Building AI Agents: From ReAct to Multi-Agent Systems
AI agents are the next evolution in LLM applications. Deep dive into agent architecture, the ReAct pattern, tool use, memory management, and building production-ready multi-agent systems.
The Rise of AI Agents
2024 was the year of LLM applications. 2025 is the year of AI Agents.
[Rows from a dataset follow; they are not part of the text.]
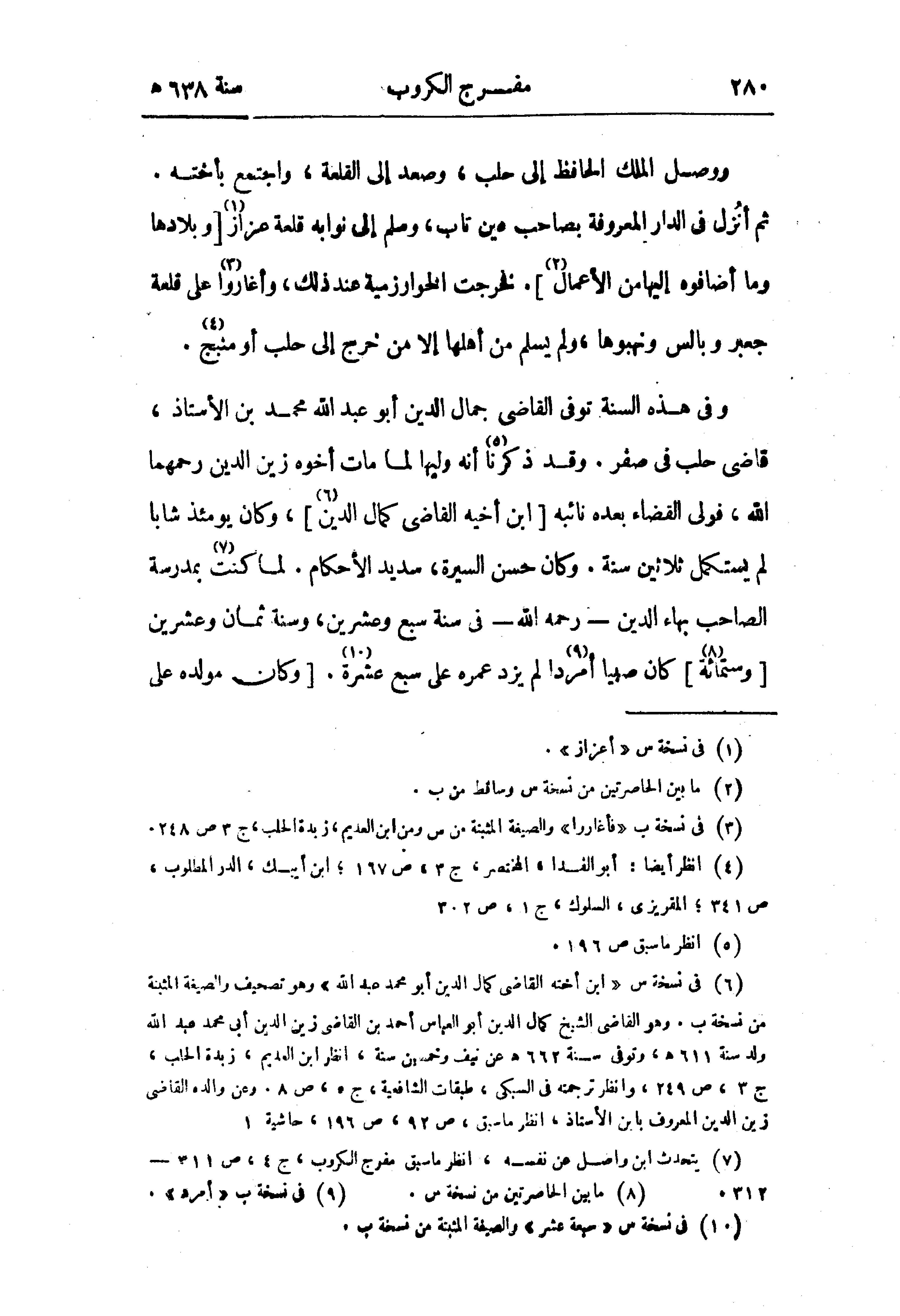 (¬6) في نسخة س «ابن أخته القاضى كمال الدين أبو محمد عبد الله» وهو تصحيف والصيغة المثبتة من نسخة ب. وهو القاضى الشيخ كمال الدين أبو العباس أحمد بن القاضى زين الدين أبى محمد عبد الله ولد سنة 611 هـ، وتوفى سنة 662 هـ عن نيف وخمسين سنة، انظر ابن العديم، زبدة الحلب، ج 3، ص 249، وانظر ترجمته في السبكى، طبقات الشافعية، ج 5، ص 8. وعن والده القاضى زين الدين المعروف بابن الأستاذ، انظر ما سبق، ص 92، ص 196، حاشية 1
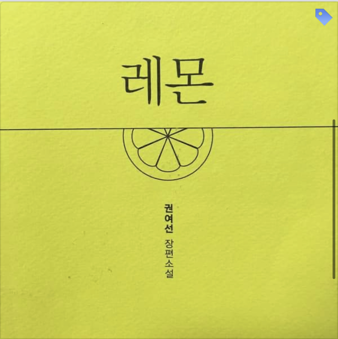 #창비 #권여선 #레몬 가제본을 받았다. 샛노란 표지와 제목.
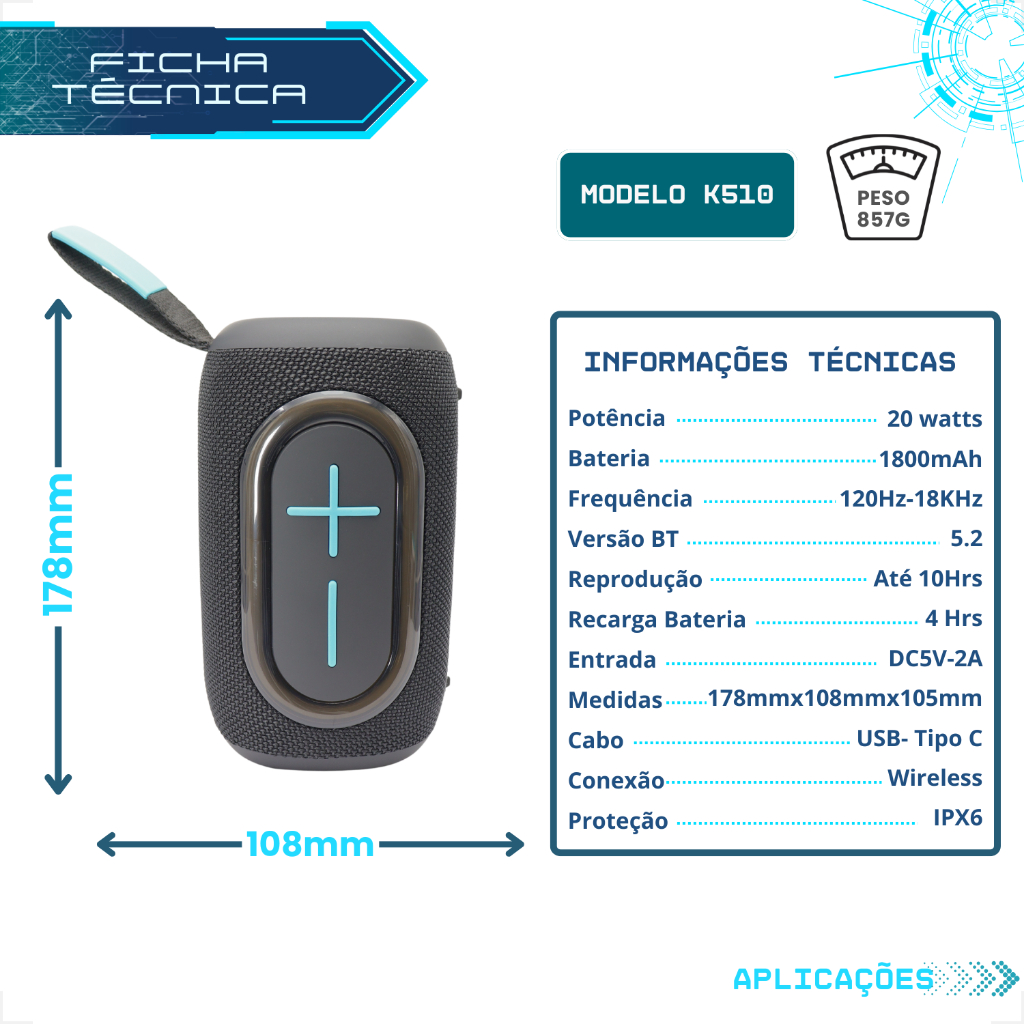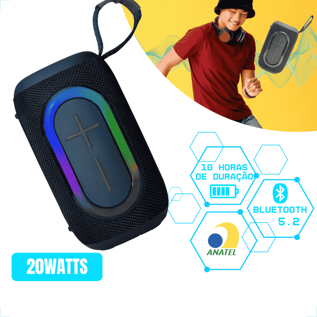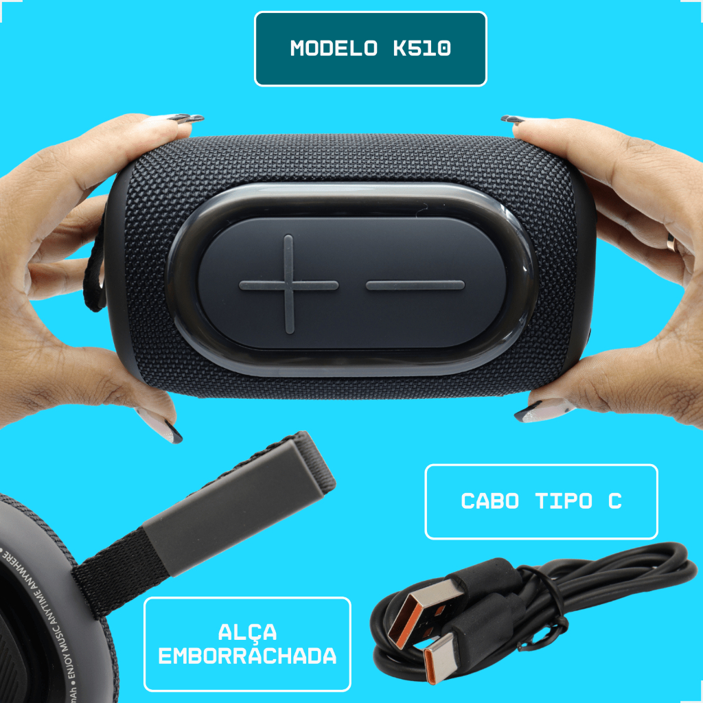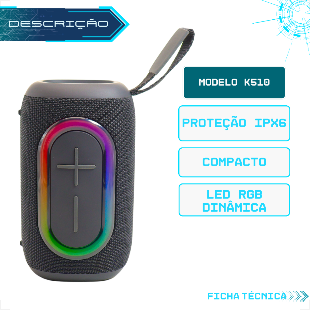 Caixa de Som Bluetooth Portátil Pequena 20W RGB K510 ANATEL IPX6 Alto Falante Subwoofer FM KIMASTER
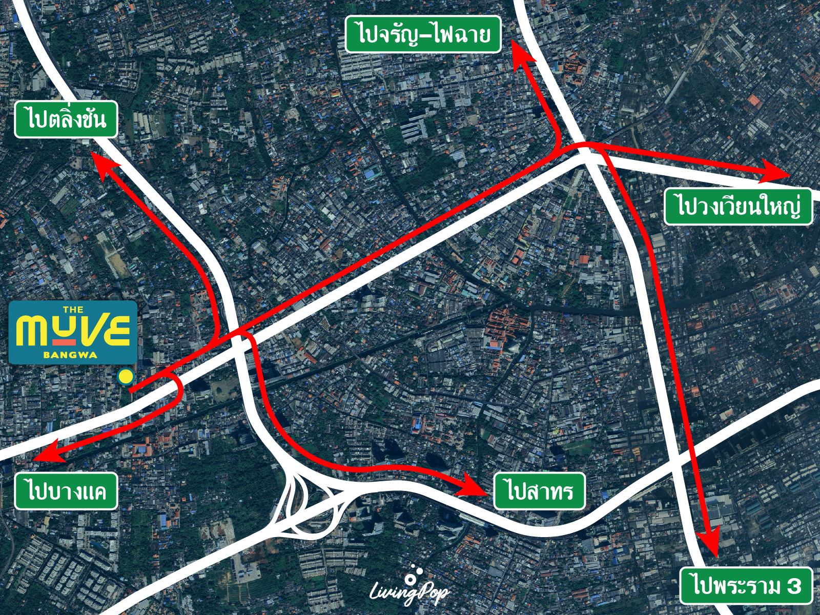 ส่วนบริเวณย่านสถานีบางหว้า ตรงนี้ก็จะมีถนนราชพฤกษ์ตัดผ่านครับ สามารถใช้เส้นทางนี้เพื่อเข้าสู่เมืองย่านสาทรได้โดยตรง
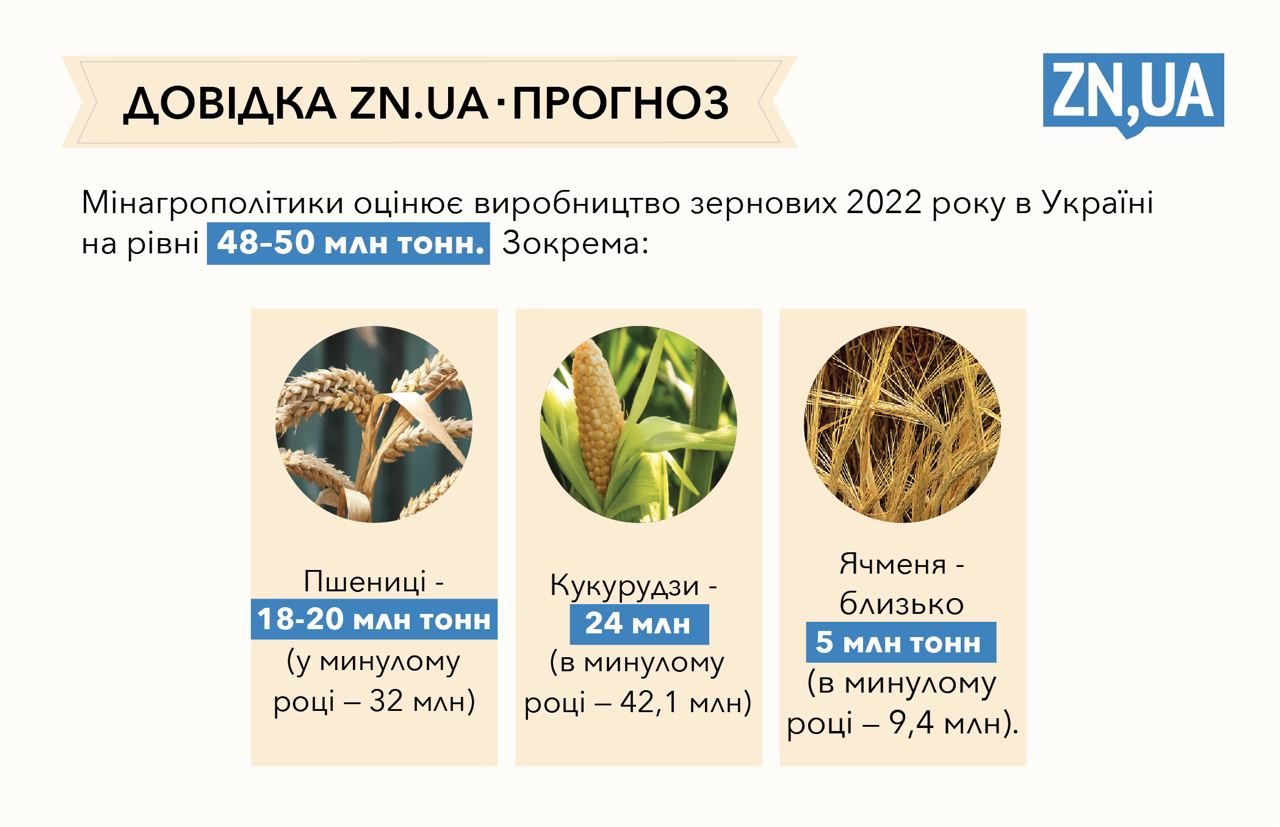 За даними Державної митної служби, Україна в 2021/2022 маркетинговому році (станом на 10 червня) експортувала понад 47 млн тонн зернових. Зокрема, пшениці продали 18,6 млн тонн, кукурудзи — 22,6 млн, ячменю — 5,7 млн, жита — 161,5 тис. тонн.

The shift is subtle but profound:
- LLM Apps: Single-turn interactions, stateless, reactive
- AI Agents: Multi-turn reasoning, stateful, proactive, tool-using, goal-oriented
An agent isn’t just a model that responds to prompts. It’s a system that:
- Reasons through complex problems step by step
- Acts by calling tools and APIs
- Remembers context across long conversations
- Plans and executes multi-step tasks autonomously
This post covers everything I’ve learned building production AI agents over the past year.
What Makes an Agent?
The Agent Loop
At its core, an agent runs a simple but powerful loop:
┌─────────────────────────────────────────────────────────┐
│ ┌──────────┐ ┌──────────┐ ┌──────────┐ │
│ │ Thought │───→│ Action │───→│Observation│ │
│ └────┬─────┘ └────┬─────┘ └────┬─────┘ │
│ ↑ │ │ │
│ └───────────────┴───────────────┘ │
│ Loop │
└─────────────────────────────────────────────────────────┘
Thought: The agent reasons about what to do next Action: The agent executes a tool/action Observation: The agent observes the result Repeat until the goal is achieved
Core Components
interface Agent {
// The brain - LLM that reasons and decides
llm: LLMClient;
// Tools the agent can use
tools: Tool[];
// Memory for context across turns
memory: MemoryStore;
// Goal/task definition
goal: string;
// Current state
state: AgentState;
}
interface Tool {
name: string;
description: string;
parameters: z.ZodSchema;
execute: (params: any) => Promise<any>;
}
The ReAct Pattern
ReAct (Reasoning + Acting) is the foundation of modern agent architecture.
Why ReAct Works
Traditional prompting:
User: What's the weather in Tokyo?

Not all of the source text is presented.